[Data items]
........

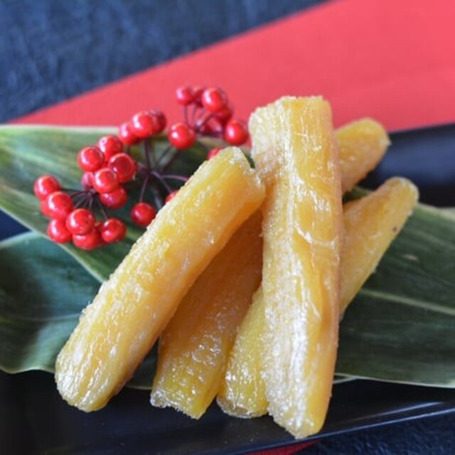 日本有数のサツマイモの産地である茨城県行方市。紅はるかを贅沢に「干しいも」にしました。 独自の乾燥技術を使用することにより、さつまいも本来の甘みを最大限に引き出し、甘く濃厚な味わいが特徴の干しいもです。 高糖度で肉質がしっとりとした干しいもは、黄金色が目に鮮やかで柔らかくしっとりしています。 一つ一つ丁寧に仕上げられた甘く濃厚でスイーツのような干しいもです。 生芋の蒸し工程から、製品包装工程まで衛生環境の整った工場で製造しております。
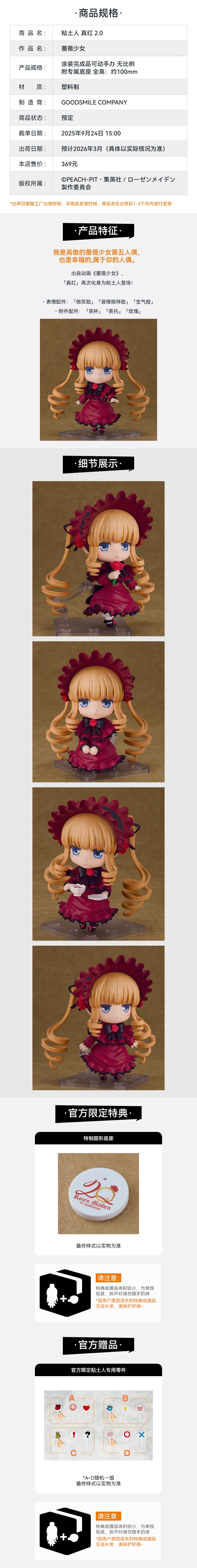 【GSC补款】粘土人 真红 2.0 蔷薇少女 附官方限定特典
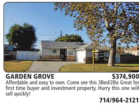 GARDEN GROVE $374,900 Affordable and easy to own. Come see this 3Bed/2Ba Great for first time buyer and investment property. Hurry this one will sell quickly!
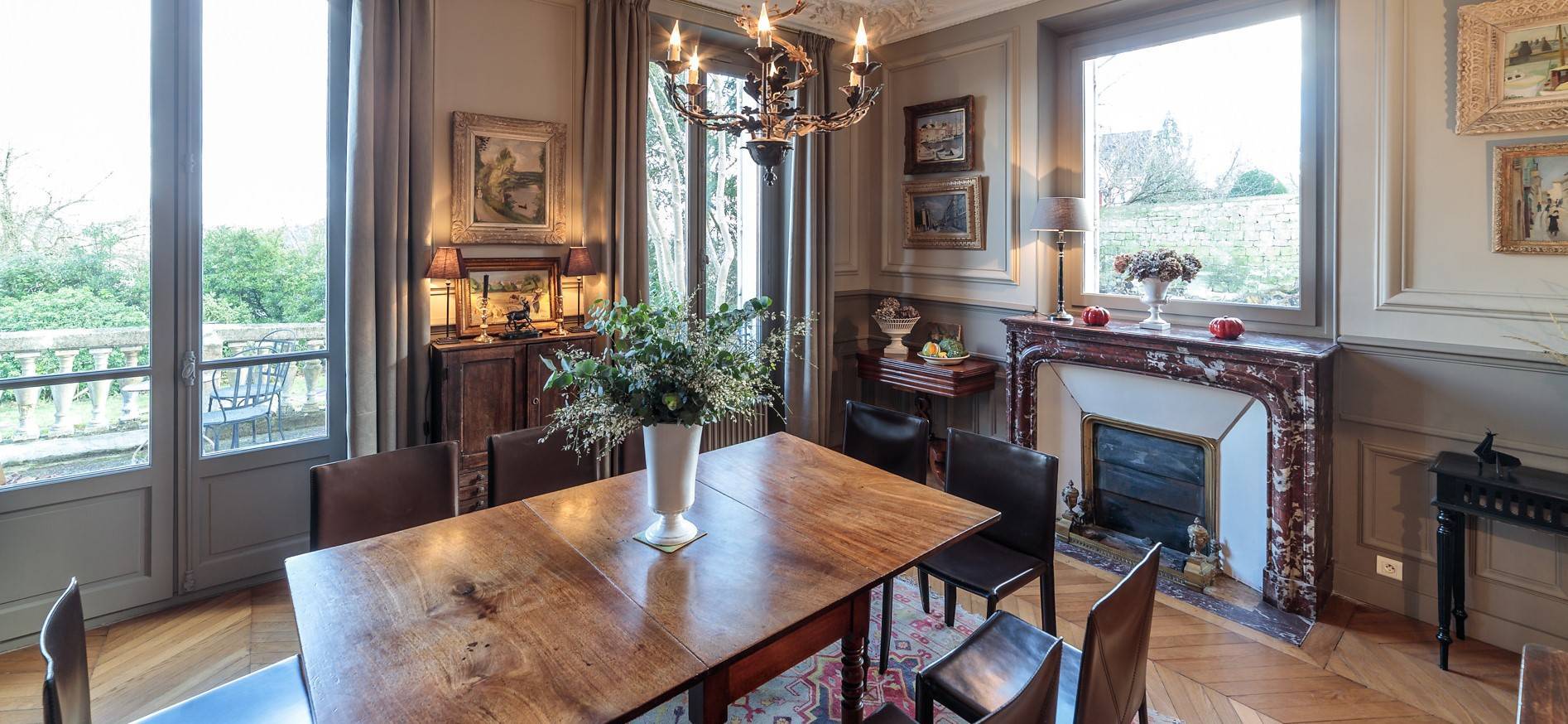 Современный обеденный стол удачно дополнят стулья, обитые тканями эпохи Возрождения. В качестве альтернативы используйте традиционную мебель и сочетайте ее с брутальным освещением в индустриальном стиле. Деревянные панели на стенах и натуральный текстиль визуально согреют строгий и холодный контемпорари.
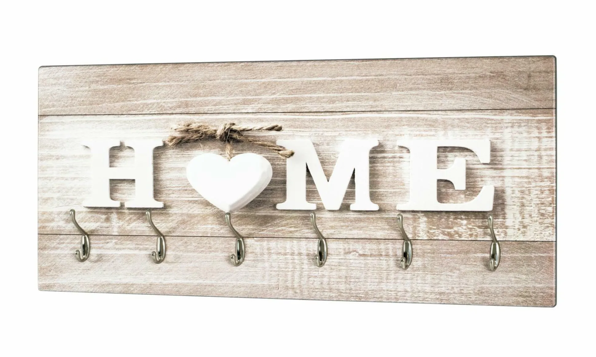 aus MDF mit UV-Direktdruck (Home), 6 Garderobenhaken aus Metall in Edelstahloptik
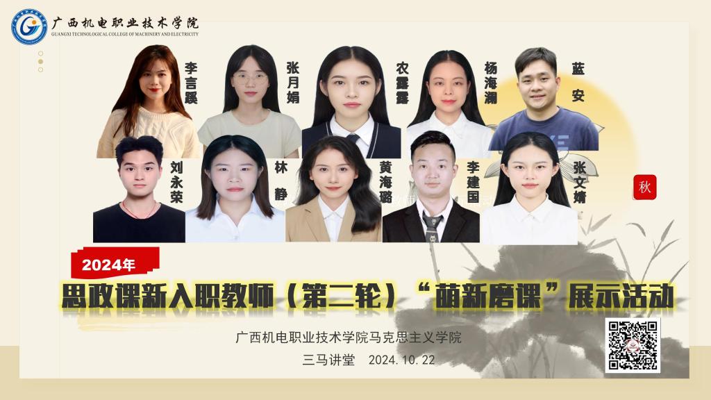 为进一步提高新入职教师的教学能力,10 月 22 日下午,学院在 弘毅楼“三马讲堂 ”开展新入职教师(第二轮)“萌新磨课 ”展示活 动。全体思政课专兼职教师参加了本次活动。
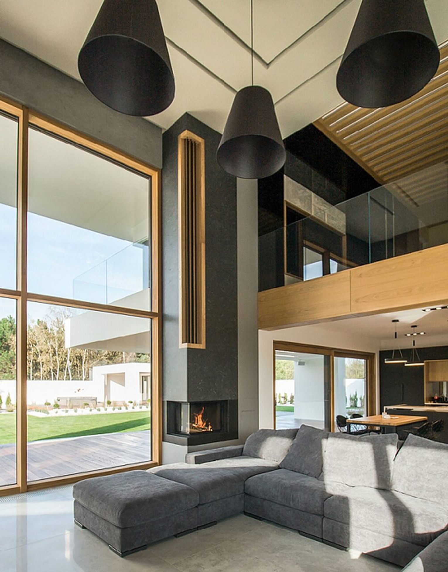 Kominek nowoczesny w domu z wysokim sufitem

........

● **Exercise requirements**: Your task is to reproduce the entries above word for word, from the first line through the line with "aus MDF mit", and please leave out any pictures.

● **Solution for this exercise**:
 日本有数のサツマイモの産地である茨城県行方市。紅はるかを贅沢に「干しいも」にしました。 独自の乾燥技術を使用することにより、さつまいも本来の甘みを最大限に引き出し、甘く濃厚な味わいが特徴の干しいもです。 高糖度で肉質がしっとりとした干しいもは、黄金色が目に鮮やかで柔らかくしっとりしています。 一つ一つ丁寧に仕上げられた甘く濃厚でスイーツのような干しいもです。 生芋の蒸し工程から、製品包装工程まで衛生環境の整った工場で製造しております。
 【GSC补款】粘土人 真红 2.0 蔷薇少女 附官方限定特典
 GARDEN GROVE $374,900 Affordable and easy to own. Come see this 3Bed/2Ba Great for first time buyer and investment property. Hurry this one will sell quickly!
 Современный обеденный стол удачно дополнят стулья, обитые тканями эпохи Возрождения. В качестве альтернативы используйте традиционную мебель и сочетайте ее с брутальным освещением в индустриальном стиле. Деревянные панели на стенах и натуральный текстиль визуально согреют строгий и холодный контемпорари.
 aus MDF mit UV-Direktdruck (Home), 6 Garderobenhaken aus Metall in Edelstahloptik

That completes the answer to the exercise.